## [Task brief]
From the line holding "Bible Trivia is" through the line holding "2018年11月30日上午1" below, write out every line exactly; include both of those lines and drop the pictures.

## [Material for this task]
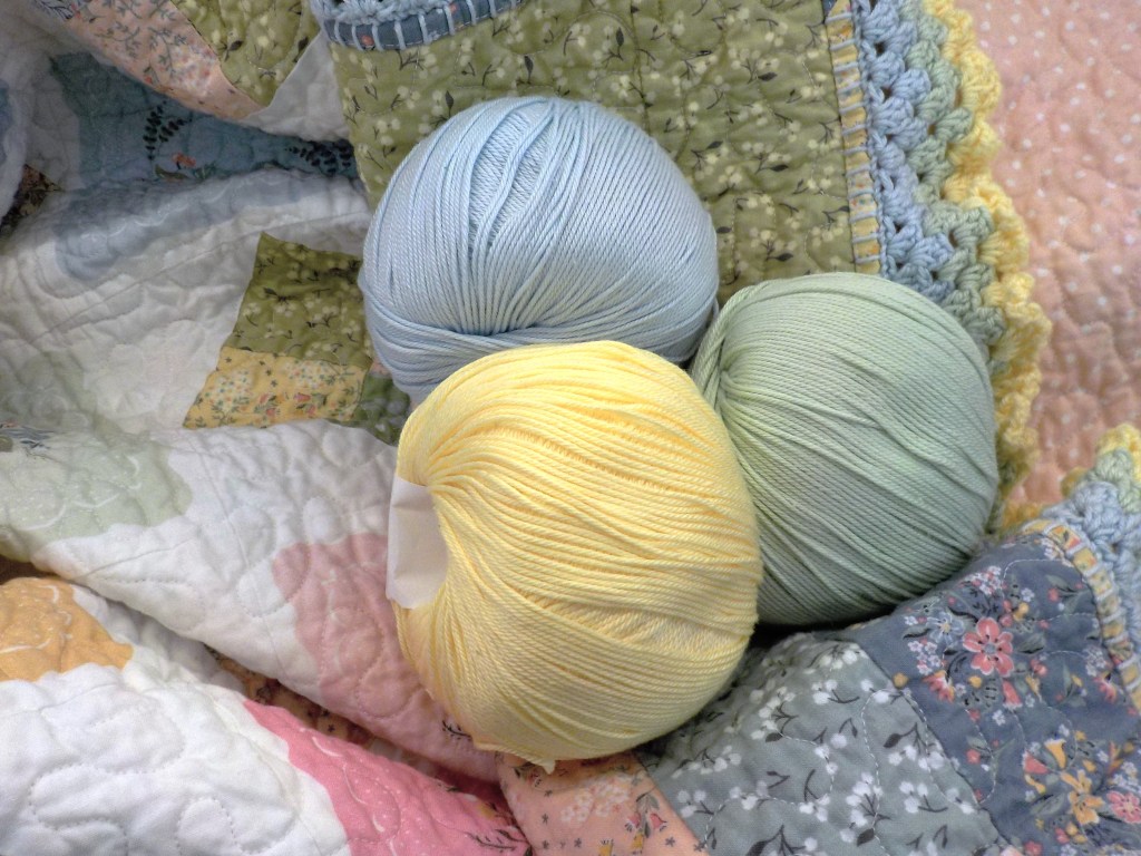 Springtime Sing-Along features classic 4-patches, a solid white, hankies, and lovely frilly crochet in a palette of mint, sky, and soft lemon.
...
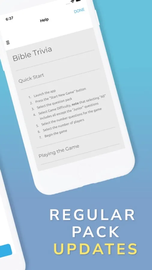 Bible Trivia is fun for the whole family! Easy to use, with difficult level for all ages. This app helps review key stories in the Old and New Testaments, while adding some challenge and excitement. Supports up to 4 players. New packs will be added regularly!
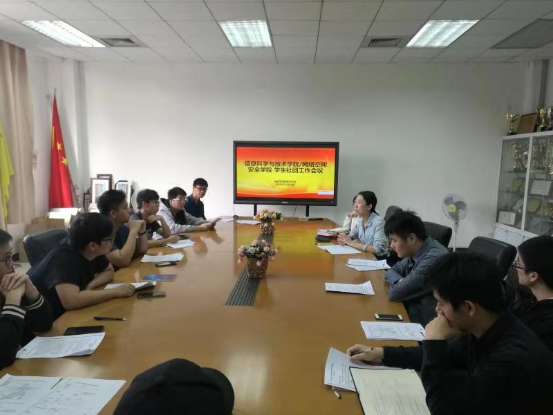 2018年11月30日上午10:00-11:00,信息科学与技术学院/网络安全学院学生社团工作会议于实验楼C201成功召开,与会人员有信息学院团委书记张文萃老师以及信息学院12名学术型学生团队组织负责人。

## [Exercise result]
 Bible Trivia is fun for the whole family! Easy to use, with difficult level for all ages. This app helps review key stories in the Old and New Testaments, while adding some challenge and excitement. Supports up to 4 players. New packs will be added regularly!
 2018年11月30日上午10:00-11:00,信息科学与技术学院/网络安全学院学生社团工作会议于实验楼C201成功召开,与会人员有信息学院团委书记张文萃老师以及信息学院12名学术型学生团队组织负责人。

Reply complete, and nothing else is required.